-- Data extract follows --
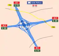 Автомагістраль A2 перетинається чи з'єднується з такими автомагістралями та швидкісними дорогами (з заходу на схід):
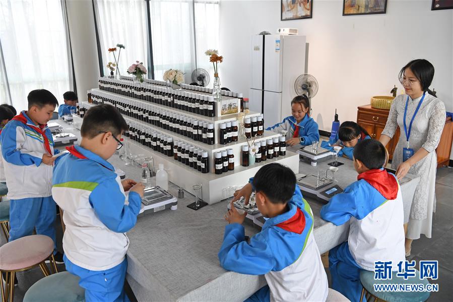 孩子们在金溪县“香谷小镇”体验用天然香精制作香水(4月18日摄)。近年来,江西省金溪县立足当地香精香料特色产业,以“芳香产业+古香文化+清香生态”发展理念打造香精香料产业聚集基地“香谷小镇”。据了解,“香谷小镇”总规划占地面积4300亩,是一个集原材料种植、检测、文创、研发、展示、贸易以及旅游等多种功能于一体的特色小镇。 新华社记者 万象 摄
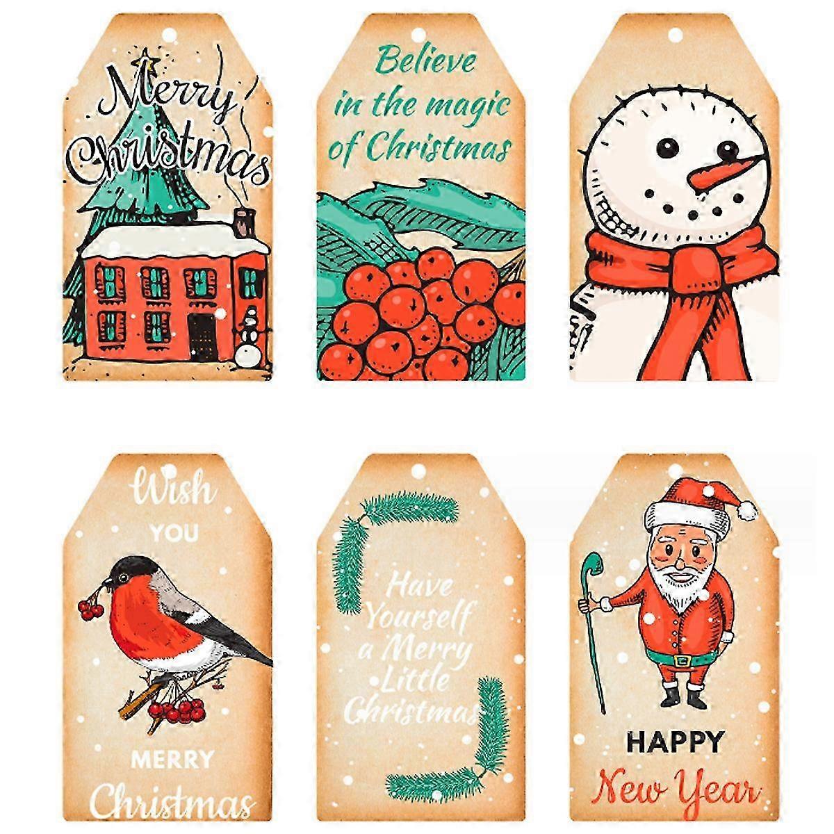 60 Vintage Christmas Gift Tags with String for Holiday Home Decor (1.57 x 2.76)
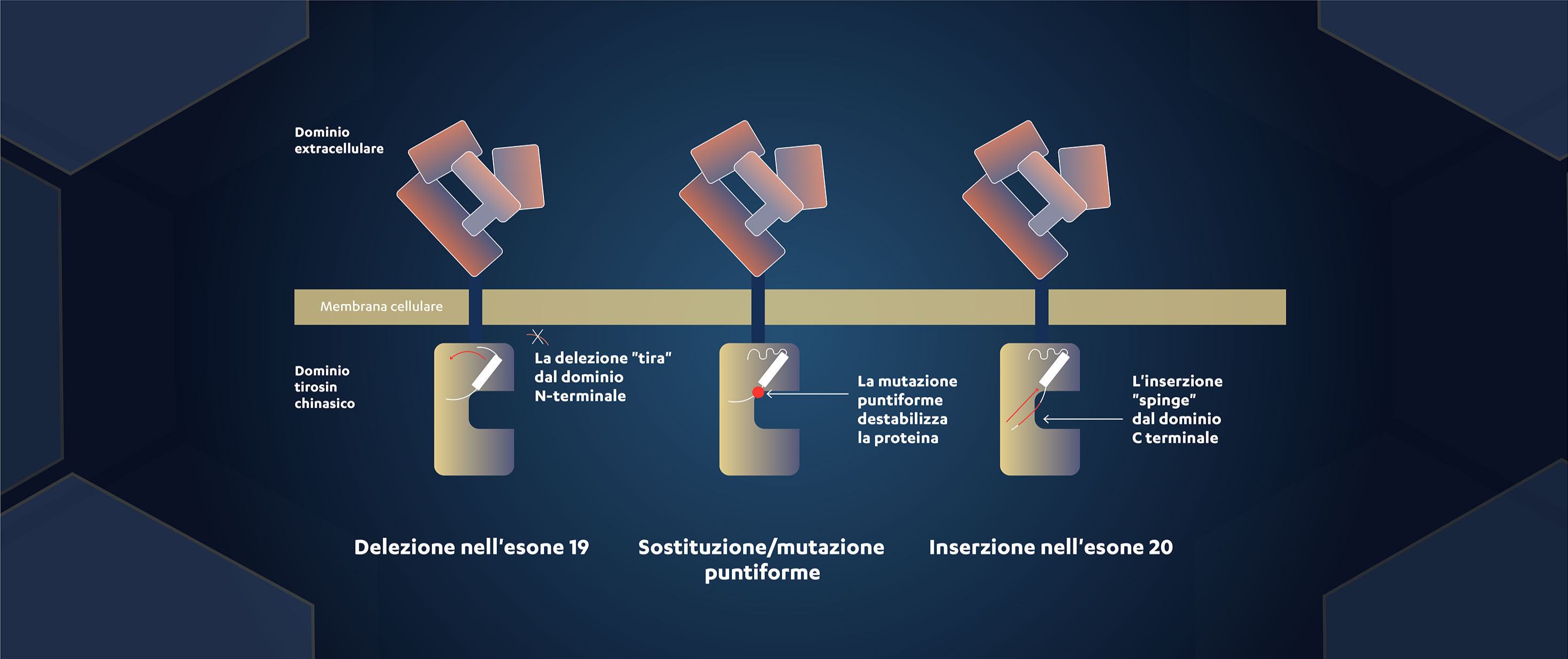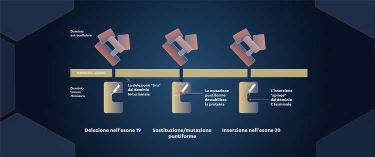 Figura 3. Delezioli, sostituzioni/mutazioni puntiformi e inserzioni attivano EGFR anche in assenza di un ligando, modificando la conformazione del
-- Data extract concluded --
- Work instructions: Every line above is to be given again exactly, apart from the pictures.

- Answer below:
 Автомагістраль A2 перетинається чи з'єднується з такими автомагістралями та швидкісними дорогами (з заходу на схід):
 孩子们在金溪县“香谷小镇”体验用天然香精制作香水(4月18日摄)。近年来,江西省金溪县立足当地香精香料特色产业,以“芳香产业+古香文化+清香生态”发展理念打造香精香料产业聚集基地“香谷小镇”。据了解,“香谷小镇”总规划占地面积4300亩,是一个集原材料种植、检测、文创、研发、展示、贸易以及旅游等多种功能于一体的特色小镇。 新华社记者 万象 摄
 60 Vintage Christmas Gift Tags with String for Holiday Home Decor (1.57 x 2.76)
 Figura 3. Delezioli, sostituzioni/mutazioni puntiformi e inserzioni attivano EGFR anche in assenza di un ligando, modificando la conformazione del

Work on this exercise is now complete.